Records supplied
╭──

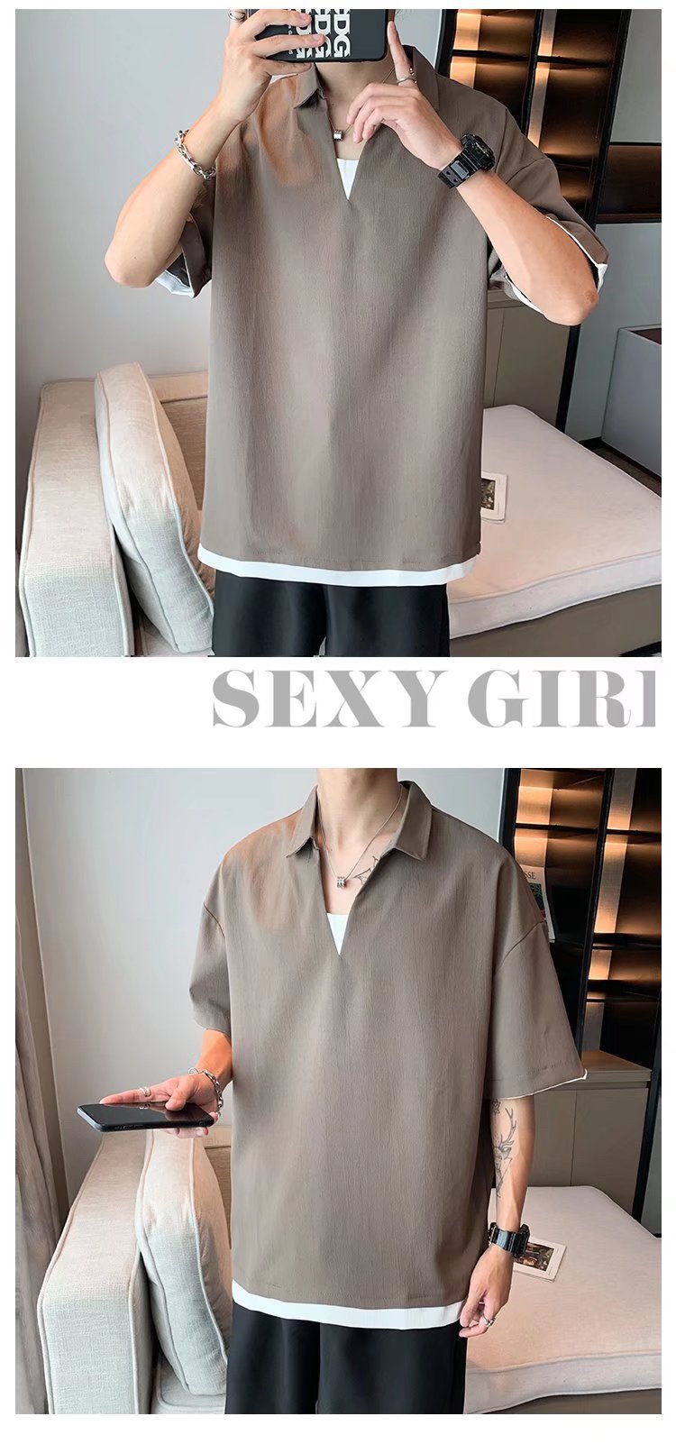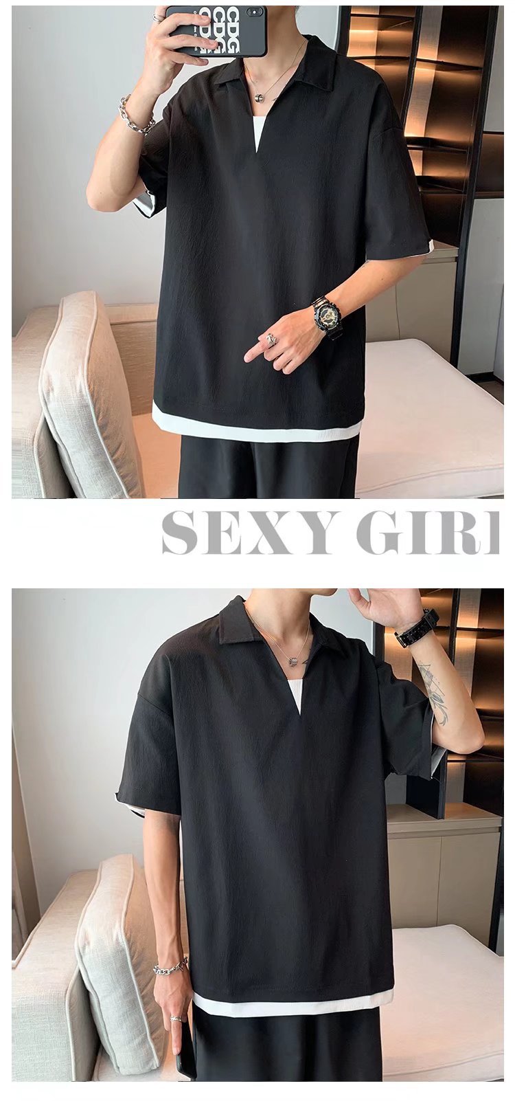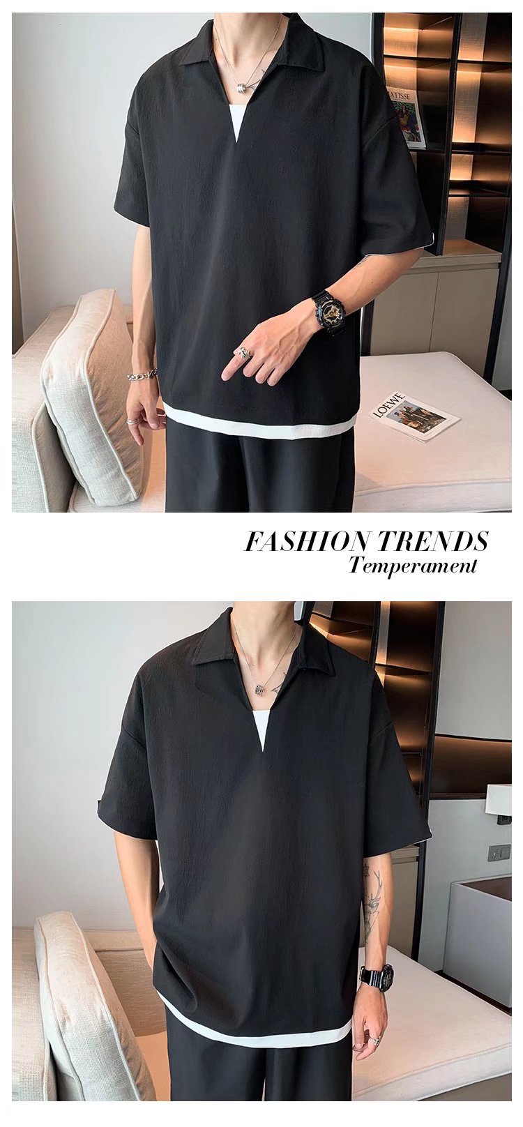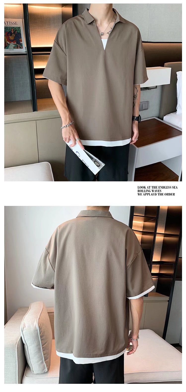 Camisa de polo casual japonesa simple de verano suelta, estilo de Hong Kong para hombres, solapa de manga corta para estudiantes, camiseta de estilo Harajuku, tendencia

╰──
╭──

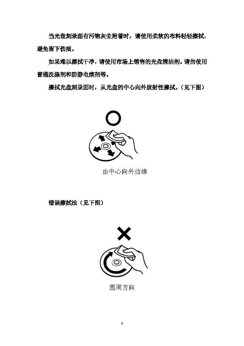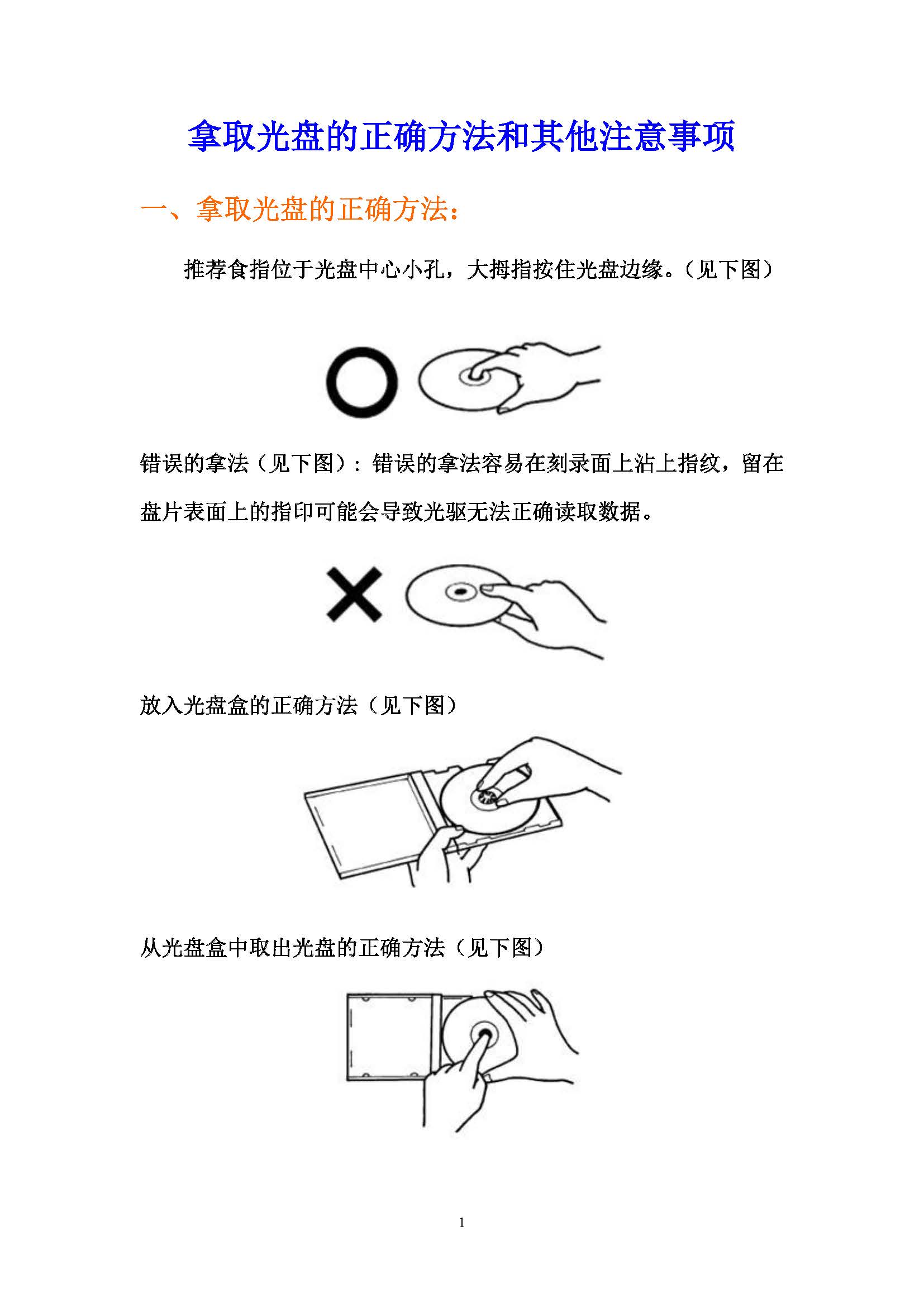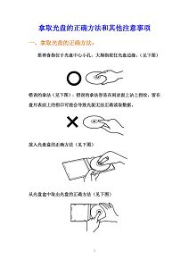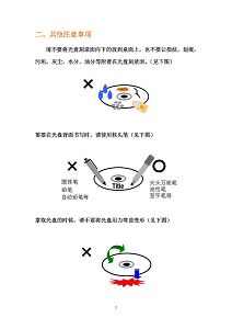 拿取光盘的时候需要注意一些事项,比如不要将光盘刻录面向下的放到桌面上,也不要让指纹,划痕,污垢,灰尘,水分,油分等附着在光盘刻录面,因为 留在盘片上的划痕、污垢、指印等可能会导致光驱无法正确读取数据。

╰──
╭──

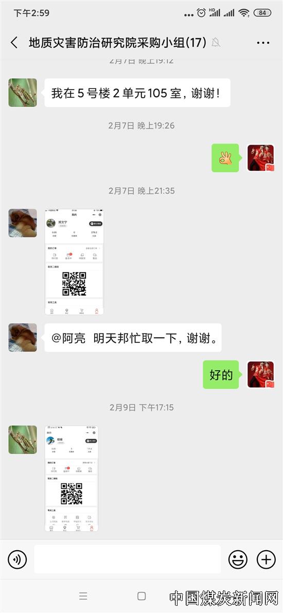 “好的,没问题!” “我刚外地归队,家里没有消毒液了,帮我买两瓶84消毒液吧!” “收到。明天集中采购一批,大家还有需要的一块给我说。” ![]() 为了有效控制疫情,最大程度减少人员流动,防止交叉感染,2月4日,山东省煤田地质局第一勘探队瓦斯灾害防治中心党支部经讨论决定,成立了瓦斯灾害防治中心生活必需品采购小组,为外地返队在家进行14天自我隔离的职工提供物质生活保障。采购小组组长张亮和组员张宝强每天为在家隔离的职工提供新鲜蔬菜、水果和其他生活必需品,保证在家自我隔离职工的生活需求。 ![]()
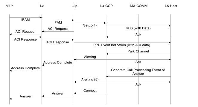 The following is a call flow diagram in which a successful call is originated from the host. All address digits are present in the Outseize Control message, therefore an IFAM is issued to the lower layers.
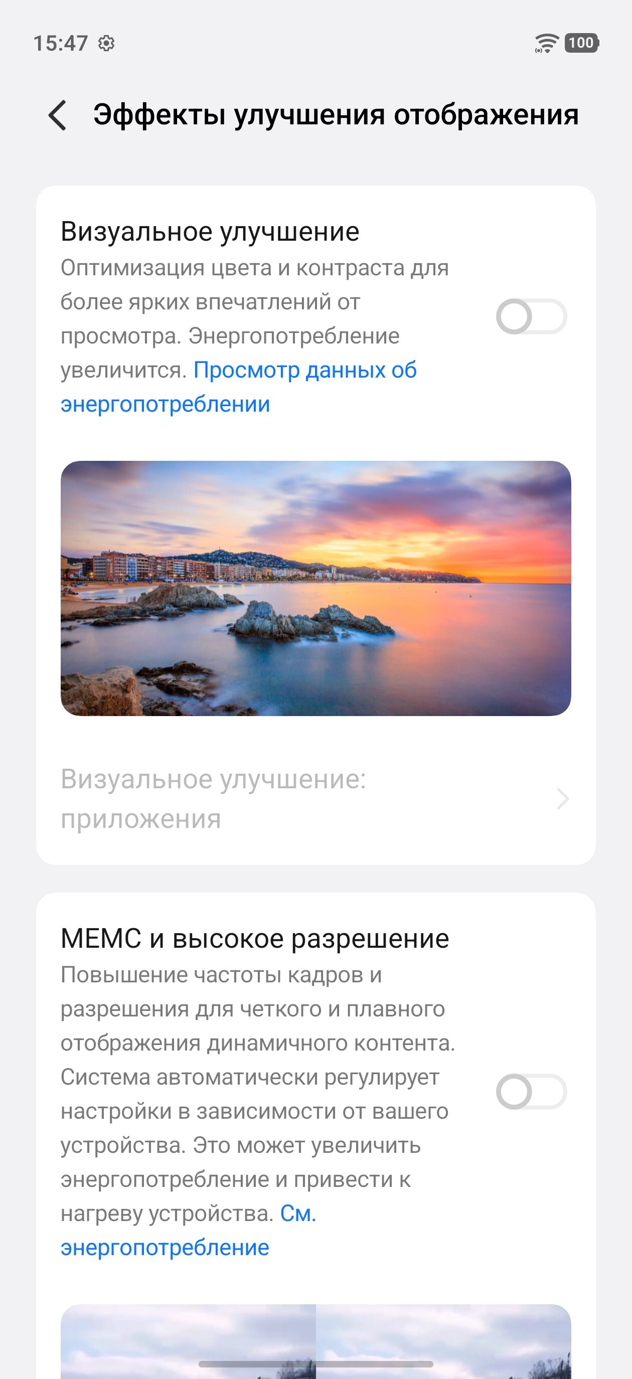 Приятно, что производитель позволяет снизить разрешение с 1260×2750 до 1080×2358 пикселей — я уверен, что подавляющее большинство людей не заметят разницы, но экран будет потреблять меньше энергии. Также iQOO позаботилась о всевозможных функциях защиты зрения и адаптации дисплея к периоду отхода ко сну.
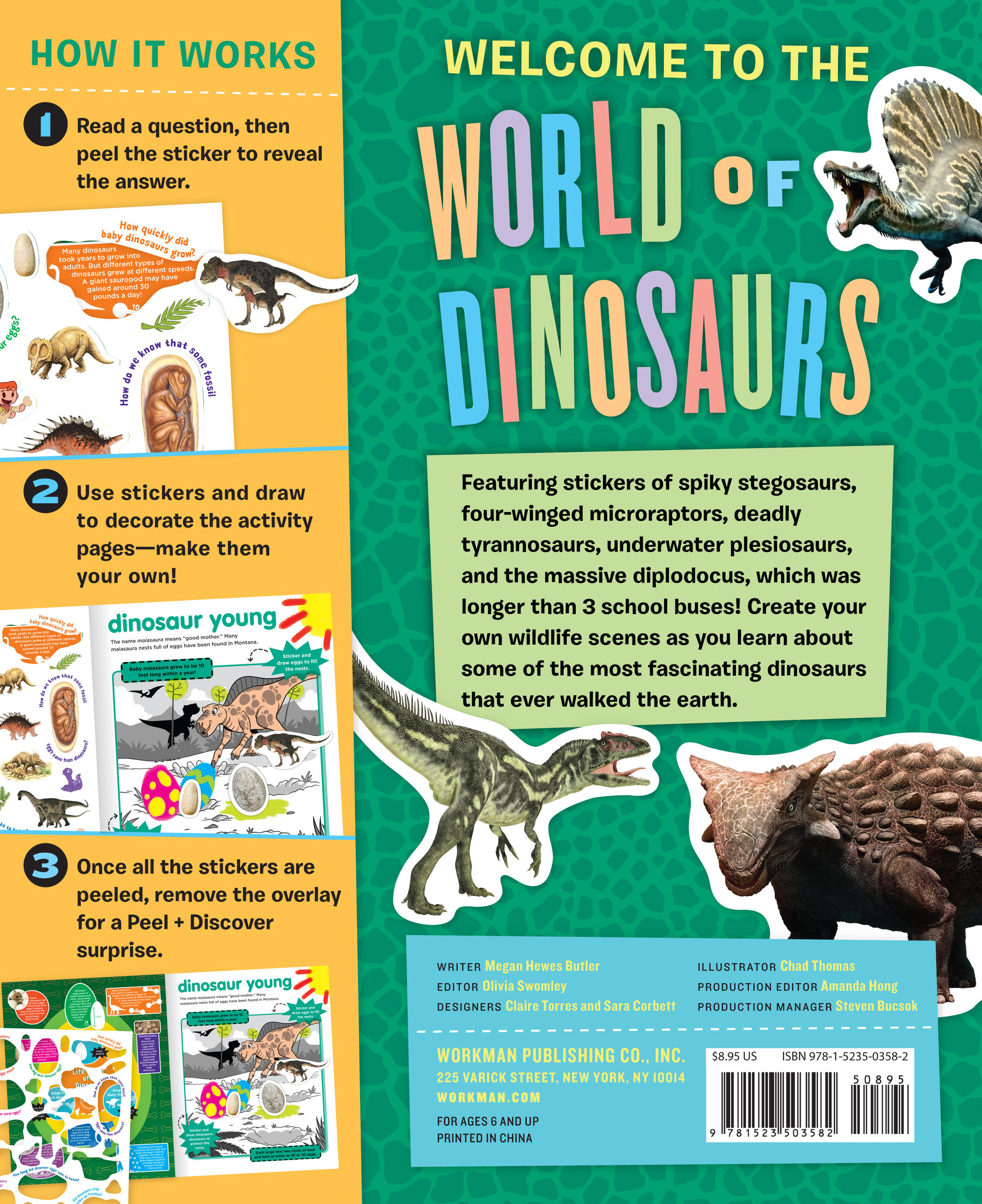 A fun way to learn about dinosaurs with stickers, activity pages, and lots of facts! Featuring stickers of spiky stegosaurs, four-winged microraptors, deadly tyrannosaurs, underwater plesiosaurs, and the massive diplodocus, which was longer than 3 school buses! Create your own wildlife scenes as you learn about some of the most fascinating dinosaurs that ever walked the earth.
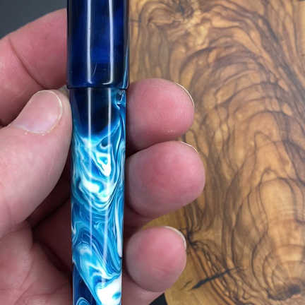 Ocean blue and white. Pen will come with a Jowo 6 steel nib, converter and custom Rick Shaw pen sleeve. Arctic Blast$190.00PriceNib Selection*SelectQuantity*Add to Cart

╰──

What is needed
Take only the lines above from the one that has "Приятно, что производитель" through the one that has "Ocean blue and" and reproduce them exactly, omitting any pictures.

Answer to this exercise
 Приятно, что производитель позволяет снизить разрешение с 1260×2750 до 1080×2358 пикселей — я уверен, что подавляющее большинство людей не заметят разницы, но экран будет потреблять меньше энергии. Также iQOO позаботилась о всевозможных функциях защиты зрения и адаптации дисплея к периоду отхода ко сну.
 A fun way to learn about dinosaurs with stickers, activity pages, and lots of facts! Featuring stickers of spiky stegosaurs, four-winged microraptors, deadly tyrannosaurs, underwater plesiosaurs, and the massive diplodocus, which was longer than 3 school buses! Create your own wildlife scenes as you learn about some of the most fascinating dinosaurs that ever walked the earth.
 Ocean blue and white. Pen will come with a Jowo 6 steel nib, converter and custom Rick Shaw pen sleeve. Arctic Blast$190.00PriceNib Selection*SelectQuantity*Add to Cart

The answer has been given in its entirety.